If the brain was bisected exactly along the midline, there will be a membrane, the septum pellucidum, extending ventralwards from the body of the  corpus callosum and immediately caudal to the genu.  This membrane separates the two lateral ventricles from each other.

 Use this figure to help you better understand the hippocampal-fornix complex as it would appear in the two intact hemispheres if all the cortical material were peeled away.  Notice that the structures look like two arches.  In ancient times, a certain type of Roman arch was called a fornix, which is how this 'arching' structure received its name.  You may find it amusing to know that in ancient times prostitutes gathered near a particular fornix in the Roman Forum, which is the etymology of our word, fornication.  But back to neuroanatomy.  Find the band of fibers that seem to descend from the region of the splenium of the corpus callosum and course anterior to the head of the thalamus. This bundle of axons is the anterior column of the fornix.  There are actually two anterior columns, one bundle in each hemisphere.  If you were able to follow the column of fornix to an area just caudal to the splenium you would see that they join to form the body of the fornix.  The body of the fornix splits to form two large fiber bundles, the posterior columns of the fornix, or crura of the fornix.  These posterior columns course ventrally and laterally under the cerebral hemispheres to merge with the hippocampal gyri in the rhinencephalon.  Axons in the anterior columns travel ventrally to synapse in the ipsilateral mammillary body,  and in select nuclei of the thalamus and the septal area.  Many believe that the fornix provides one of the principal pathways by which subjective emotional reactions are formed. The hippocampal/fornix complex is difficult to visualize.  Use the figure provided and ask to be shown the plastic model of the ventricles and the brain; they may help to clarify these complex relationships.

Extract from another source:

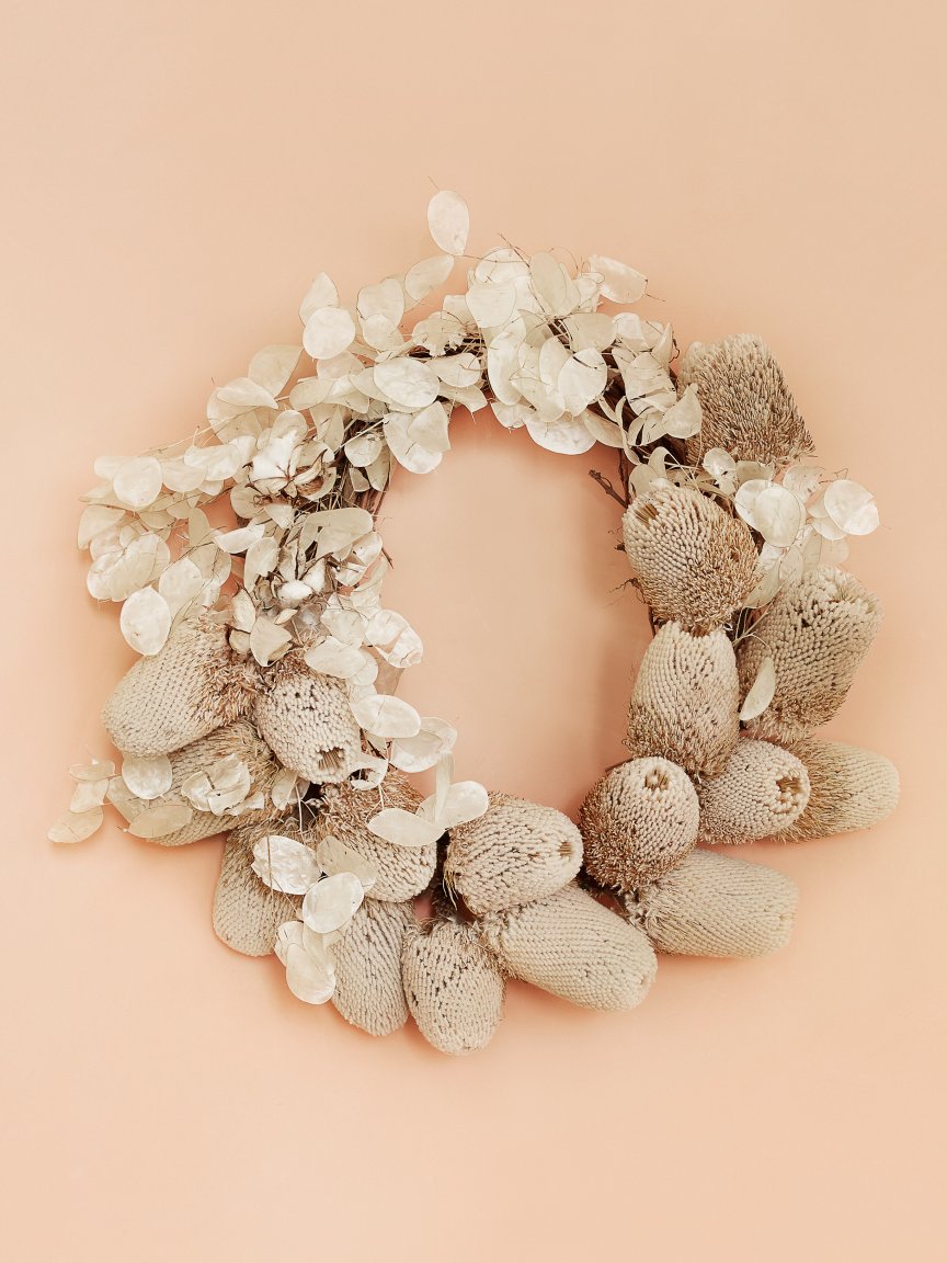 Pine cones are a time-tested way to adorn a wreath, but Taylor Patterson, owner of Fox Fodder Farm, took an outside-the-box approach with banksia, an Australian wildflower known for its spikes and oversize heads. “This unconventional material still feels very holiday to me,” says Patterson. The juxtaposition of the heavy bulbs with the paper-thin leaves gives the monochrome design an extra edge.

 Finally, note the internal structure of the cerebellum.   Observe how the fibers entering and leaving this structure branch to form a tree-like pattern, the arbor vitae.  The separate branches of this arbor vitae ('tree of life') are directed to the folia, which are what the gyri of the cerebellum are called.

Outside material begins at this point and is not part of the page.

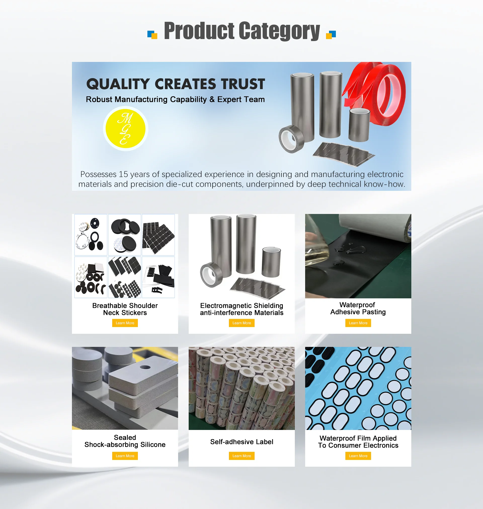 Shenzhen Migeer Technology is a one-stop electronic materials solution provider, specializing in the production and sales of customized acoustic waterproofing (waterproof sound-permeable breathable film), electromagnetic compatibility (shielding materials), cushioning and sealing (PU/EPDM foam), bonding and fixing (adhesives/double-sided tapes), and sealing and shock absorption (silicone/rubber) products.

This completes the third element of the dissection.  Continue to develop your own "study guide," that is, create a list, or set of index cards, that includes each of the terms appearing in blue.  You should be able to define, identify, or locate each term and, where applicable, know its function.

I strongly encourage you to study in groups.   Develop your own practicum.  Point out the structures listed in your 'study guide' for one another.  Can you name them without resorting to the guide?  Can you specify what functions, or behaviors the structures support?  If provided the name of a structure, can you locate it on your sheep brain?